Even the much-derided proposal that Theresa May put forward at the 2017 general election had more going for it than its nickname – “the dementia tax” – suggested. It was poorly researched, and clumsily presented, but as a rough compromise, leaving people with at least £100,000 of their assets and being able to settle the bills after death, so never having to be forced out of their own home, was a rough and ready line of social equity.

The problem with all of the proposals in recent decades is that they constituted compromises of one kind or another, and thus succeeded in alienating some section of public opinion, and its political agents. Given that raising taxes to fund comprehensive and universal social care for all is unacceptable on a variety of grounds, then a choice must be made as to who pays for what – and when.

The present division between the cost of “accommodation” and “nursing care”, with a means test attached, is itself a compromise that grew out of the Sutherland commission. But it is uncomfortable, illogical and messy. The idea of selling a family home to pay for long-term care remains repugnant, not least on the grounds of fairness. Why should someone of modest means be financially “penalised” for suffering a long death from dementia when their next-door neighbour in hospital with cancer would not?

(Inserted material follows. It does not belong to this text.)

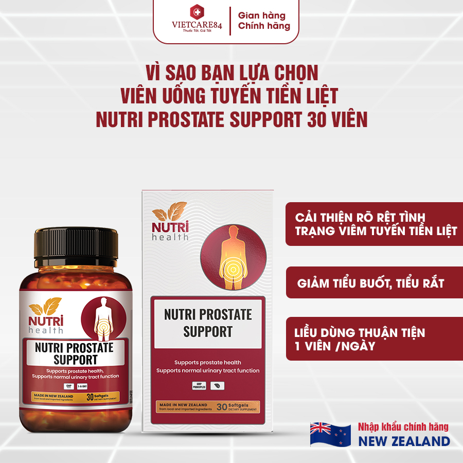 Tuyến tiền liệt – “trạm kiểm soát” quan trọng trong sinh sản nam giới – bắt đầu có dấu hiệu suy yếu sau tuổi 25. Sự thay đổi nội tiết và tác động từ môi trường sống có thể khiến tuyến tiền liệt dễ viêm, phì đại, dẫn đến loạt triệu chứng gây khó chịu như tiểu đêm, tiểu buốt, tiểu rắt... Nếu không được chăm sóc và can thiệp kịp thời, tình trạng này không chỉ ảnh hưởng đến sức khỏe tổng thể mà còn làm suy giảm chất lượng cuộc sống, đặc biệt là đời sống vợ chồng.   Thực phẩm bảo vệ sức khỏe Viên Uống Hỗ Trợ Tuyến Tiền Liệt NUTRI PROSTATE SUPPORT 30 Viên     Viên uống tiền liệt tuyến Nutri Prostate Support hỗ trợ sức khỏe tuyến tiền liệt nhờ chiết xuất cây cọ lùn, cây tầm ma và kẽm oxide. Sản phẩm dùng tiện lợi chỉ 1 viên mỗi ngày. Nutri Prostate Support là sản phẩm chất lượng cao từ Nutri Health, nhập khẩu chính hãng từ New Zealand.     THÀNH PHẦN: mỗi viên nang mềm có chứa: Chiết xuất cây cọ lùn: 320mg, tương đương 3200mg khô Chiết xuất cây tầm ma: 240mg, tương đương 2400mg khô Kẽm Oxide: 12,76mg, tương đương Kẽm: 10mg Phụ liệu: Chất nhũ hoá (Glyceryl monostearate, lecithin (322(i)), dầu đậu nành (479)), vỏ nang (gelathin), chất làm ẩm (glycerin (422)), nước tinh khiết, màu thực phẩm tổng hợp (oxit sắt đen (172(i)), oxit sắt đỏ (172 (ii)).    CÔNG DỤNG: Hỗ trợ sức khoẻ tuyến tiền liệt   ĐỐI TƯỢNG SỬ DỤNG:  Nam giới tuổi trưởng thành      CÁCH DÙNG: Uống 1 viên mỗi ngày với bữa ăn hoặc theo chỉ dẫn của chuyên gia y tế.

Or when their other neighbour can pass everything on after a sudden fatal heart attack?

The dilemmas facing Baroness Casey and her colleagues, therefore, will be formidable but nothing new – and she need not spend the next few years reinventing the social care “wheel”. The trade-offs have been thoroughly explored and the benefits of social insurance demonstrated in the Dilnot report. If all she manages to do is to bring it up to date and recruit some cross-party support for it, then she will have discharged her duties admirably.

It should not take as long as some are predicting, even if getting buy-in to the new scheme will take time and patience. We wish Baroness Casey and Mr Streeting well in their quest to fix social care; but all should also be prepared to consider the more modest, piecemeal and provisional solutions that have had to suffice thus far.

History suggests all too powerfully that electorally, rather than morally, there are always more important things for politicians to spend public money on than social care – however lofty their words.